What the above output tells us is that user 216's test document placed him or her in the top 8% (position 434) of all non-readers.

For evaluating our model's user recommendations, let's take a more holistic approach.

Since large heterogenous libraries make the qualitative assessment of recommendations difficult, let's search for a user with a small focused library,

showlibs(model, 1741)
 ●●● User 1741
 • Region-Based Memory Management
 • A Syntactic Approach to Type Soundness
 • Imperative Functional Programming
 • The essence of functional programming
 • Representing monads
 • The marriage of effects and monads
 • A Taste of Linear Logic
 • Monad transformers and modular interpreters
 • Comprehending Monads
 • Monads for functional programming
 • Building interpreters by composing monads
 • Typed memory management via static capabilities
 • Computational Lambda-Calculus and Monads
 • Why functional programming matters
 • Tackling the Awkward Squad: monadic input/output, concurrency, exceptions, and foreign-language calls in Haskell
 • Notions of Computation and Monads
 • Recursion schemes from comonads
 • There and back again: arrows for invertible programming
 • Composing monads using coproducts
 • An Introduction to Category Theory, Category Theory Monads, and Their Relationship to Functional Programming

The 20 articles in user 1741's library suggest that he or she is interested in programming language theory.

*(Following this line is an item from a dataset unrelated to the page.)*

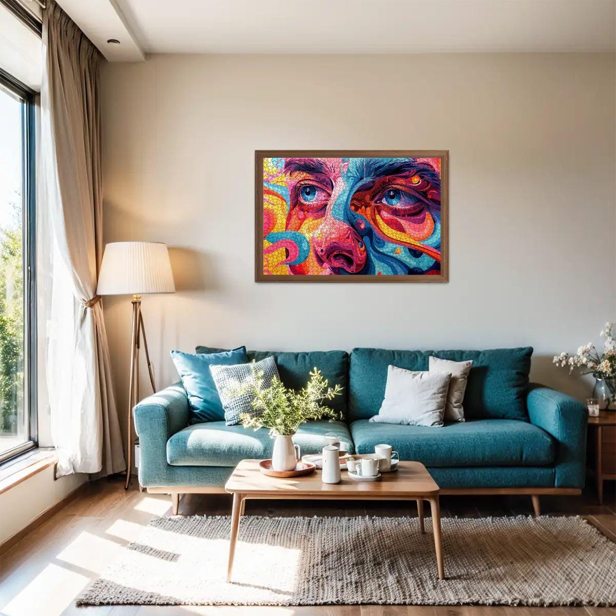Unlock the intensity of color and human emotion with the ColorFlow | Lucid Vision Wooden Puzzle, a striking psychedelic face puzzle available in 300, 500, and 1000 pieces. This bold abstract artwork features two vivid blue eyes emerging from a whirlwind of swirling color and stylized linework. Exploding with pinks, blues, reds, yellows, and oranges, every inch of this design pulses with creative energy.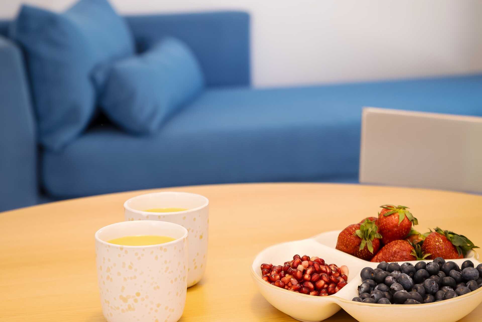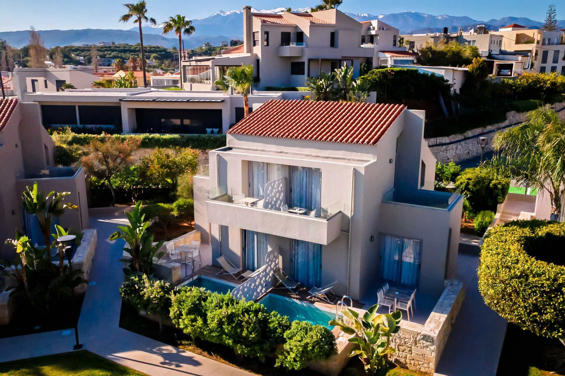 Tvårumslägenhet med balkong, markbalkong, markterrass (som nås via ett trappsteg) eller med stor balkong, vissa lägenheter har poolutsikt. Lägenheterna med markbalkong eller markterrass ligger i Village-delen och lägenheterna med balkong ligger i Royal och Village-delen. Ett sovrum och ett kombinerat vardagsrum med minikök. En dubbelsäng. Möjlighet till extrabäddar i bäddsoffor. Minikök med kokplattor, kylskåp, kaffebryggare, vattenkokare och enkel köksutrustning. Wifi, luftkonditionering och deponering ingår. Tv med internationella kanaler. Hårtork. Badrum med badkar eller dusch samt wc. Städning 6 ggr/vecka.

Now compare this with the top 50 recommendations (the top 0.3%) made by our model,

showurecs(model, 1741, 50)
 ●●● User 1741
1.  Sets for Mathematics
2.  Can programming be liberated from the von {N}eumann style? {A} functional style and its algebra of programs
3.  On Understanding Types, Data Abstraction, and Polymorphism
4.  Views: a way for pattern matching to cohabit with data abstraction
5.  Recursive Functions of Symbolic Expressions and Their Computation by Machine, Part I
6.  Functional pearl: implicit configurations--or, type classes reflect the values of types
7.  Semantic Structures
8.  Haskell's overlooked object system
9.  Discriminative Reranking for Natural Language Parsing
10. Discrimination of non-native consonant contrasts varying in perceptual assimilation to the listener's native phonological system.
11. Dynamic optimization for functional reactive programming using generalized algebraic data types
12. Language identification in the limit
13. Modern {C}ompiler {I}mplementation in {J}ava
14. Contracts for higher-order functions
15. The faculty of language: what's special about it?
16. The motor theory of speech perception revised
17. Visual Programming
18. Functional programming with bananas, lenses, envelopes and barbed wire
19. Why Dependent Types Matter
20. Featherweight Java: A Minimal Core Calculus for Java and GJ
21. The dual of substitution is redecoration
22. Dynamic Logic
23. On the expressive power of programming languages
24. Principles of programming with complex objects and collection types
25. Dependent Types in Practical Programming
26. The Zipper
27. Restrictions on biological adaptation in language evolution.
28. The essence of compiling with continuations
29. Recursive syntactic pattern learning by songbirds
30. The effects of common ground and perspective on domains of referential interpretation
31. A {S}yntactic {T}heory of {D}ynamic {B}inding
32. Parsing expression grammars: a recognition-based syntactic foundation
33. Packrat Parsing: Simple, Powerful, Lazy, Linear Time
34. Foundations for structured programming with GADTs
35. Type Classes with Functional Dependencies
36. Attention, Intentions, and the Structure of Discourse
37. The TRACE model of speech perception.
38. Types and programming languages
39. Adaptive Functional Programming
40. Neuromimetic Semantics
41. Macros as multi-stage computations: type-safe, generative, binding macros in MacroML
42. The Java Memory Model
43. Types, abstraction and parametric polymorphism
44. Learning, Bottlenecks and the Evolution of Recursive Syntax
45. Recognizing spoken words: the neighborhood activation model.
46. The categorical abstract machine
47. Monadic Parsing in Haskell
48. The neurology of syntax: Language use without Broca's area
49. A machine-oriented logic based on the resolution principle
50. The evolution of language

For the CTPF models, you may access the raw topic distributions by computing,

model.alef ./ model.bet

Raw scores, as well as document and user recommendations, may be accessed via,

model.scores
### M x U matrix
### M = number of documents, ordered identically to the documents in model.corp.docs.
### U = number of users, ordered identically to the keys in model.corp.users.

model.drecs
model.urecs

Note, as was done by Blei et al. in their original paper, if you would like to warm start your CTPF model using the topic distributions generated by one of the other models, simply do the following prior to training your model,

ctpf_model.alef = exp.(model.beta)
### For model of type: LDA, fLDA, CTM, fCTM, gpuLDA, gpuCTM.

GPU Acceleration

GPU accelerating your model runs its performance bottlenecks on the GPU.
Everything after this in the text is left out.